Most people are on MT and Wilders to discuss and learn about malware… not to be tricked or duped by your childish antics. Keep it up and no one is going to take you seriously.

Since you did not want to bother running a valid test, I ran one for you.

www.voodooshield.com/artwork/hjlbxfail.mp4

 

Hi OSTexo, nice to meet you! Are you talking about changing the actual verbiage on the prompts? Please give us some more details and we will let you know, thank you!

 

I have a better idea Davidov and guest, why not test VS Free properly, without Comodo?
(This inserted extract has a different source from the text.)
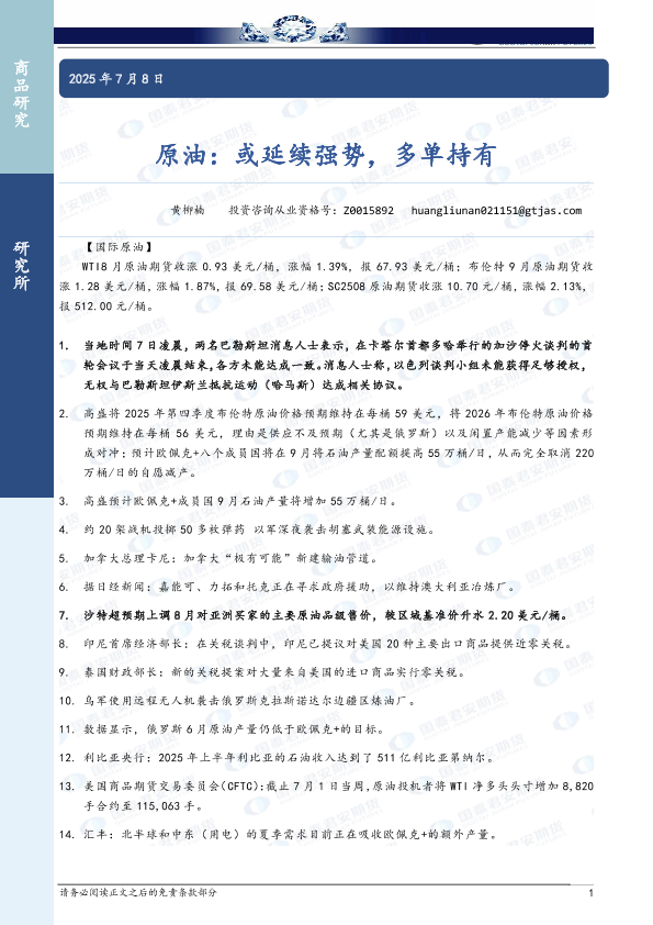 【国泰君安期货】【20250708】原油:或延续强势,多单持有-3页

Is that not a better solution .

 

Really? come on... testing an apps and modifying its default setting without notifying the watchers is ridiculous... i usually dislike devs who "deny" a flaw/bug even when proofs are in front on their eyes , i likewise feel the same with "testers" that "forget" to mention things in their tests.

you are welcome

 

At the moment , i won't even recommend Comodo because their "rules disappearance" bug that exist since years and still not fixed.

I like only anti-exe (and strong HIPS, like comodo) , so actually there is only 2 (stable and regularly developed) apps that meet my criterias and i can recommend : Appguard and VS. ; i recommend AG for advanced users and VS for the Average Joe.

 

Hehehe, you are forgetting one VERY important thing... CS tested the sample PROPERLY with Comodo, and Comodo handled the file correctly, there was no infection.

What do you suppose would have happened if she would have also been running VS Free on AutoPilot?

If it is an issue, we can always disable the Parent Process feature by default.